> legacy systems of police and violence
You use "legacy" as if these systems are obsolete and on their way out. They're not. They're here to stay, and will remain dominant, for better or worse. Calling them "legacy" feels a bit childish, as if you're trying to ignore reality and base arguments on your preferred vision of how things should be.
> The internet does not recognize it.
Sure it does. Not universally, but there are a lot of things governments and law enforcement can do to control what people see and do on the internet.
> If we stumble down the path of attempting to apply this legal framework, won't some jurisdiction arise with no IP protections whatsoever and just come to completely dominate the entire economy of the internet?
No, of course not, that's silly. That only really works on the margins. Any other country would immediately slap economic sanctions on that free-for-all jurisdiction and cripple them.

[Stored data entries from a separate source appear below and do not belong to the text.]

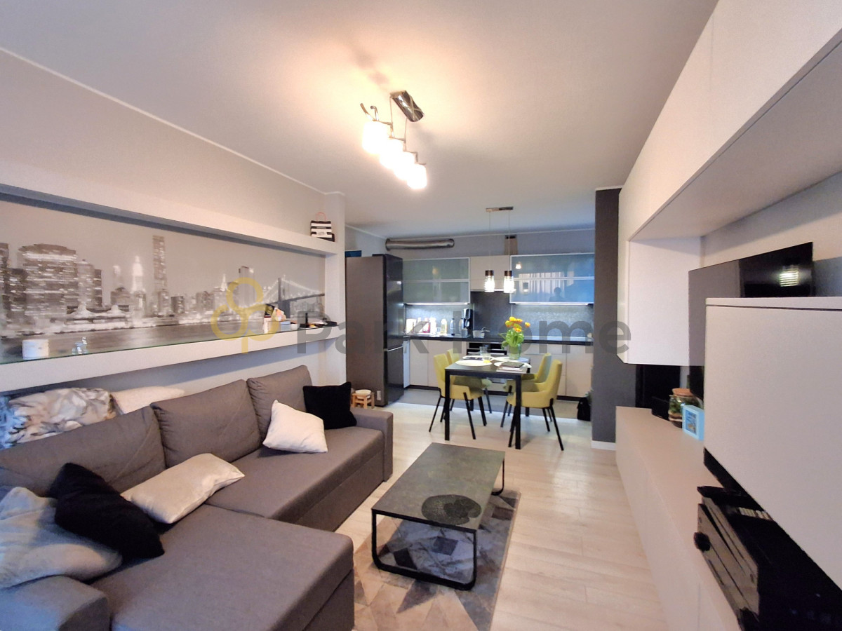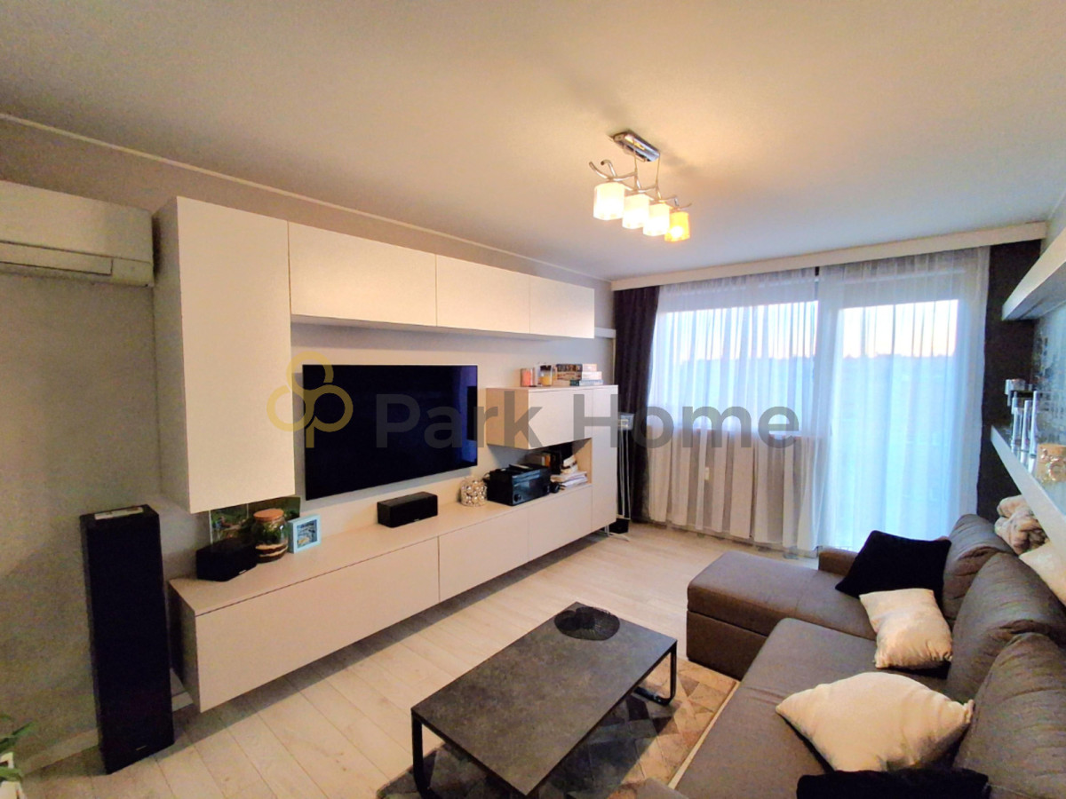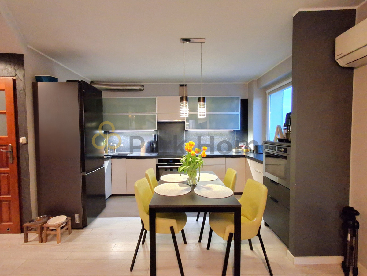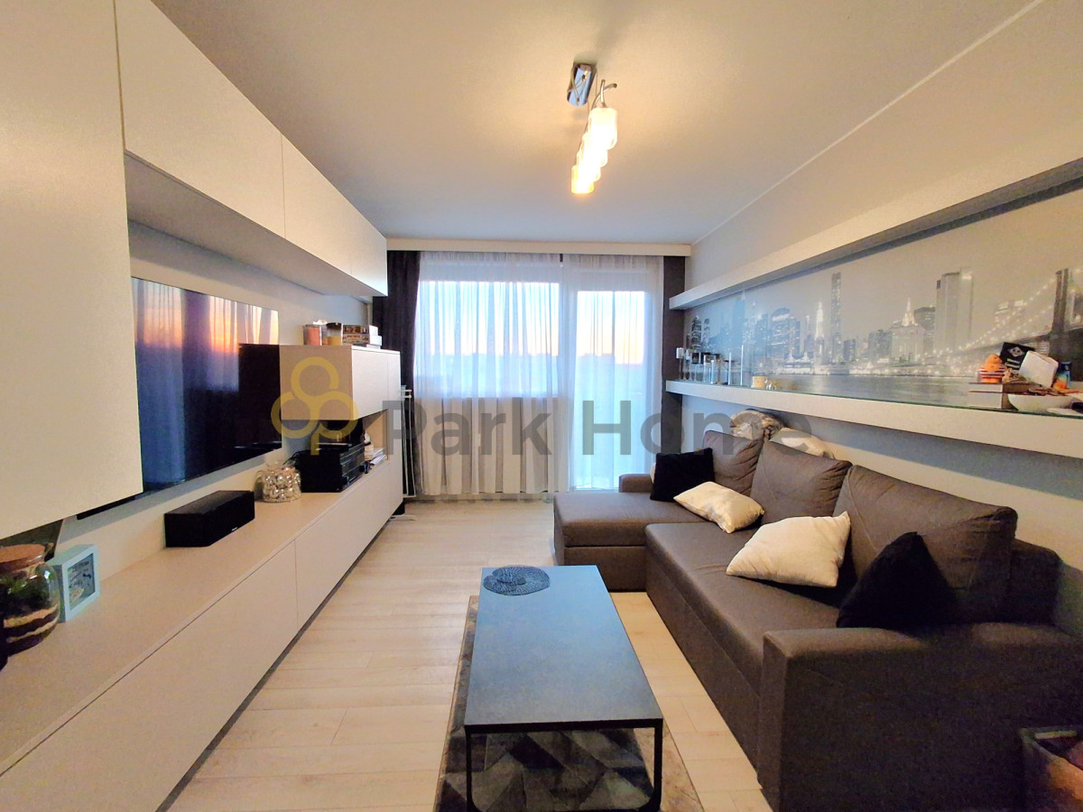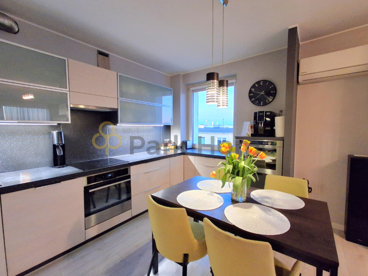 Salon jest klimatyzowany, a nowoczesne meble, w tym zabudowa wisząca, pozostają na wyposażeniu.
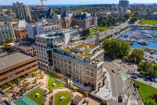 Located in the iconic Customs House on Victoria’s Inner Harbour, this studio home offers 524 sq ft of well-designed living space. The perfect Pied-à-terre, the open layout features 10’ ceilings, wide-plank hardwood floors, and a modern kitchen with Bosch appliances, quartz countertops, and sleek cabinetry. The main living area extends seamlessly to a spacious private patio, perfect for morning coffee or evening relaxation. Thoughtful details include in-suite laundry and ample storage. Residents enjoy access to premium amenities including a fully equipped gym, steam and sauna rooms, concierge service, and an elegant lobby that reflects the building’s heritage character. Steps from the Empress Hotel, BC Legislature, restaurants, shopping, and the Inner Harbour, this is a rare opportunity to enjoy a landmark building in one of Victoria’s most desirable locations.
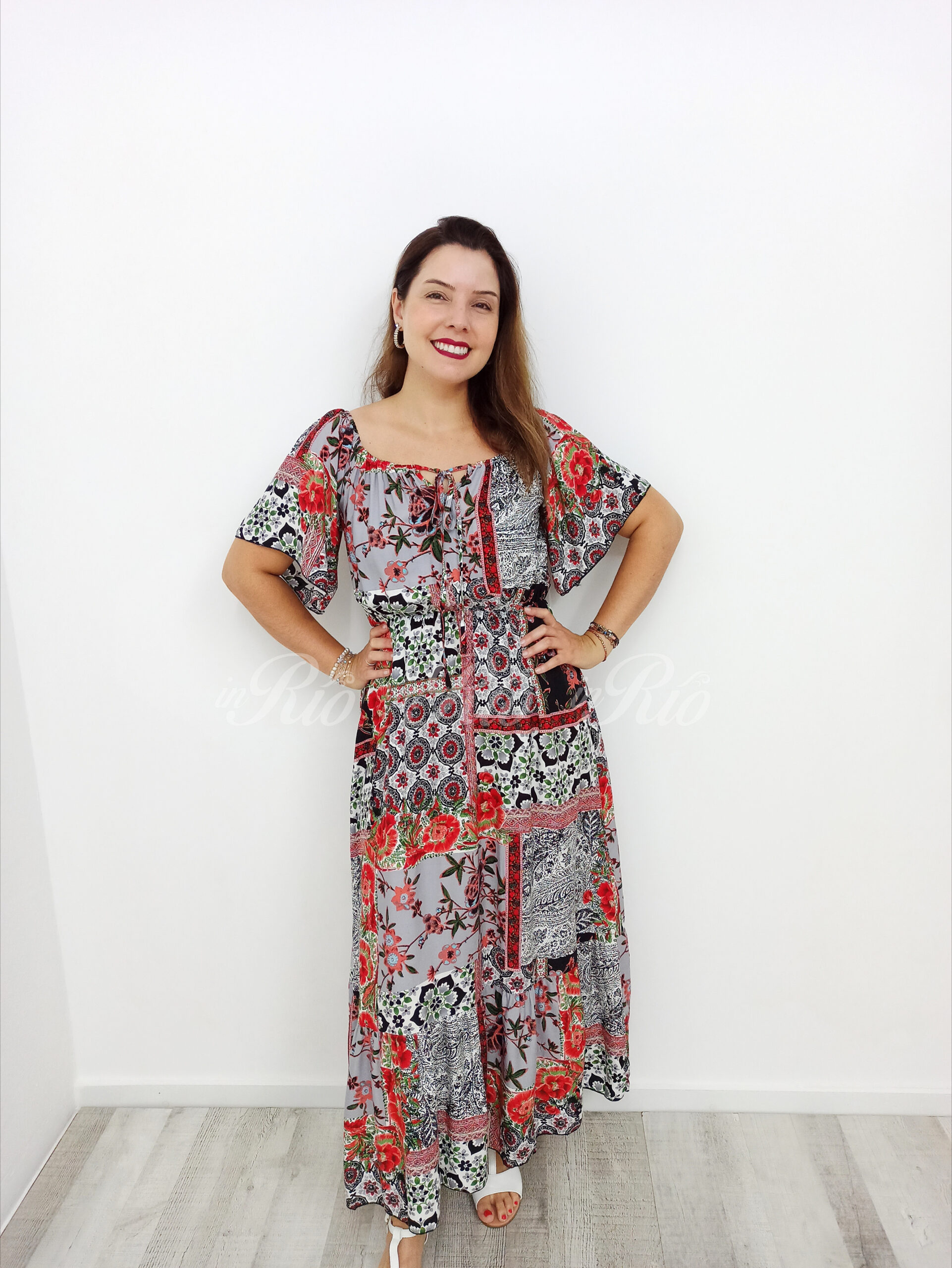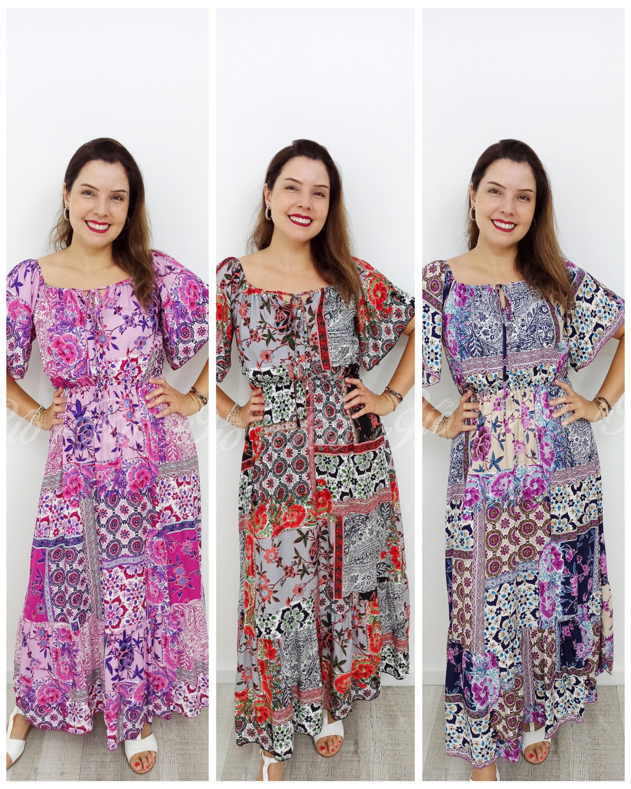 É maravilhoso o nosso vestido longo com padrão em patchwork!

If that fails, there's always a military response they can resort to.
> If I can spin up a server in copyleftistan with a complete copy of every album and film ever made, available for free download, why would users in copyrightistan use the locked down services of their domestic economy?

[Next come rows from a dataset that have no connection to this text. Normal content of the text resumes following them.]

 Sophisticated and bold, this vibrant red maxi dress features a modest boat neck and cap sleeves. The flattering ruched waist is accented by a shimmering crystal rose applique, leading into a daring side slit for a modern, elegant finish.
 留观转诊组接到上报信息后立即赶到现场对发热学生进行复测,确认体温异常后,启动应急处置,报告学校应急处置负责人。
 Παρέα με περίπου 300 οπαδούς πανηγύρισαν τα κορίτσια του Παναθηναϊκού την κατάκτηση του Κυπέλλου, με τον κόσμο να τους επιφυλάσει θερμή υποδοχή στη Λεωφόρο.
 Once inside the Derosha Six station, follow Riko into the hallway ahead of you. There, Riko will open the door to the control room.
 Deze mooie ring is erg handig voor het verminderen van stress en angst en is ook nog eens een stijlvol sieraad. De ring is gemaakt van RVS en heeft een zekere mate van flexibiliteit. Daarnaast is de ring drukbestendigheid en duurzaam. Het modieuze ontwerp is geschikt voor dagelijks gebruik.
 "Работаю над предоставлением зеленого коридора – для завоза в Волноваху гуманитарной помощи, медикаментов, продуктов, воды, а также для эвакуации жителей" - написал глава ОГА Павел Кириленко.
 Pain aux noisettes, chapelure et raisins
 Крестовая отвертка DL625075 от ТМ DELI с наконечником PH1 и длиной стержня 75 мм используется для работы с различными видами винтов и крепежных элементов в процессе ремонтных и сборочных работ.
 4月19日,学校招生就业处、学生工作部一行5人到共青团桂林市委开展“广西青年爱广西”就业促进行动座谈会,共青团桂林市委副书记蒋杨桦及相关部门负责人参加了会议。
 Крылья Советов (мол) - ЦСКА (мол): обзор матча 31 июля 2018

Because the governments of all the copyrightistans will block all traffic going in and out of copyleftistan. While this may not stop determined, technically-adept people, it will work for the most part. As I said, this sort of thing only really works on the margins.

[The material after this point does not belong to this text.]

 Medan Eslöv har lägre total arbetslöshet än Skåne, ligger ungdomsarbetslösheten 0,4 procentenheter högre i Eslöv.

I guess I'm more optimistic about the future of the human condition.
> You use "legacy" as if these systems are obsolete and on their way out. They're not.
I have serious doubts that nation states will still exist in 500 years. I feel quite certain that they'll be gone in 10,000. And I think it's generally good to build an internet for those time scales.
> base arguments on your preferred vision of how things should be.
I hope we all build toward our moral compass; I don't mean for arguments to fall into fallacies on this basis, but yeah I think our internet needs to resilient against the waxing and waning of the affairs of state. I don't know if that's childish... Maybe we need to have a more child-like view of things? The internet _is_ a child in the sense of its maturation timeframe.
> there are a lot of things governments and law enforcement can do to control what people see and do on the internet.
Of course there are things that governments do. But are they effective? I just returned from a throatsinging retreat in Tuva - a fairly remote part of Siberia. The Russian government has apparently quietly begun to censor quite a few resources on the internet, and it has caused difficulty in accessing the traditional music of the Tuvan people. And I was very happily astonished to find that everybody to whom I ran into, including a shaman grandmother, was fairly adept at routing around this censorship using a VPN and/or SSH tunnel.
I think the internet is doing a wonderful job at routing around censorship - better than any innovation ever discovered by humans so far.
> Any other country would immediately slap economic sanctions on that free-for-all jurisdiction and cripple them. If that fails, there's always a military response they can resort to.
Again, maybe I'm just more optimistic, but I think that on longer time frames, the sober elder statesmen/women will prevail and realize that violence is not an appropriate response to bytes transiting the wire that they wish weren't.
And at the end of the day, I don't think governments even have the power here - the content creators do. I distribute my music via free channels because that's the easiest way to reach my audience, and because, given the high availability of compelling free content, there's just no way I can make enough money on publishing to even concern myself with silly restrictions.
It seems to me that I'm ahead of the curve in this area, not behind it. But I'm certainly open to being convinced otherwise.
> Again, maybe I'm just more optimistic, but I think that on longer time frames, the sober elder statesmen/women will prevail and realize that violence is not an appropriate response to bytes transiting the wire that they wish weren't.
Your framing is off because this notion of fairness or morality isn't something they concern themselves with. They're using violence because if they didn't, they would be allowing other entities to gain wealth and power at their expense. I don't think it's much more complex than that.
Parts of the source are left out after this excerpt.